Top of Supplied material
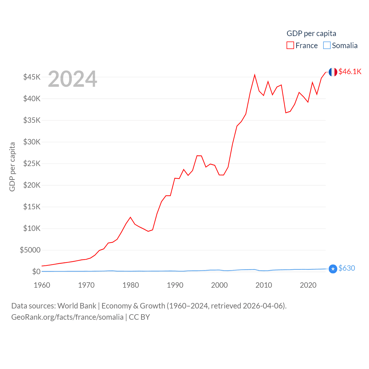 By GDP, France ranks 7/197 ($3.16T) and Somalia ranks 150/197 ($12B). By GDP per capita, France ranks 27/197 ($46,103), while Somalia ranks 192/197 ($630).
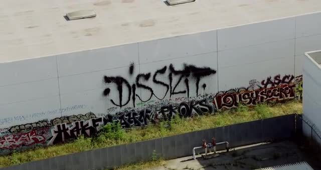 > MS ZO AERIAL View of graffiti on wall
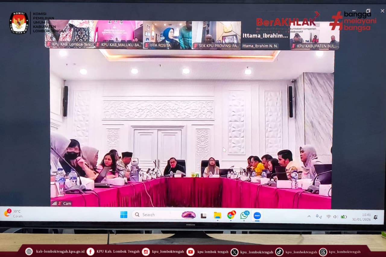 Jumat (30/01/2026) KPU Kabupaten Lombok Tengah mengikuti Rapat Koordinasi Pelaksanaan Penilaian Mandiri Maturitas Penyelenggaraan Sistem Pengendalian Intern Pemerintah (SPIP) Terintegrasi KPU Tahun 2026 yang diselenggarakan oleh KPU RI secara daring melalui zoom meeting.
Bottom of Supplied material
● About this task
Quote the material word for word, dropping any images it holds.

● Task answer
 By GDP, France ranks 7/197 ($3.16T) and Somalia ranks 150/197 ($12B). By GDP per capita, France ranks 27/197 ($46,103), while Somalia ranks 192/197 ($630).
 > MS ZO AERIAL View of graffiti on wall
 Jumat (30/01/2026) KPU Kabupaten Lombok Tengah mengikuti Rapat Koordinasi Pelaksanaan Penilaian Mandiri Maturitas Penyelenggaraan Sistem Pengendalian Intern Pemerintah (SPIP) Terintegrasi KPU Tahun 2026 yang diselenggarakan oleh KPU RI secara daring melalui zoom meeting.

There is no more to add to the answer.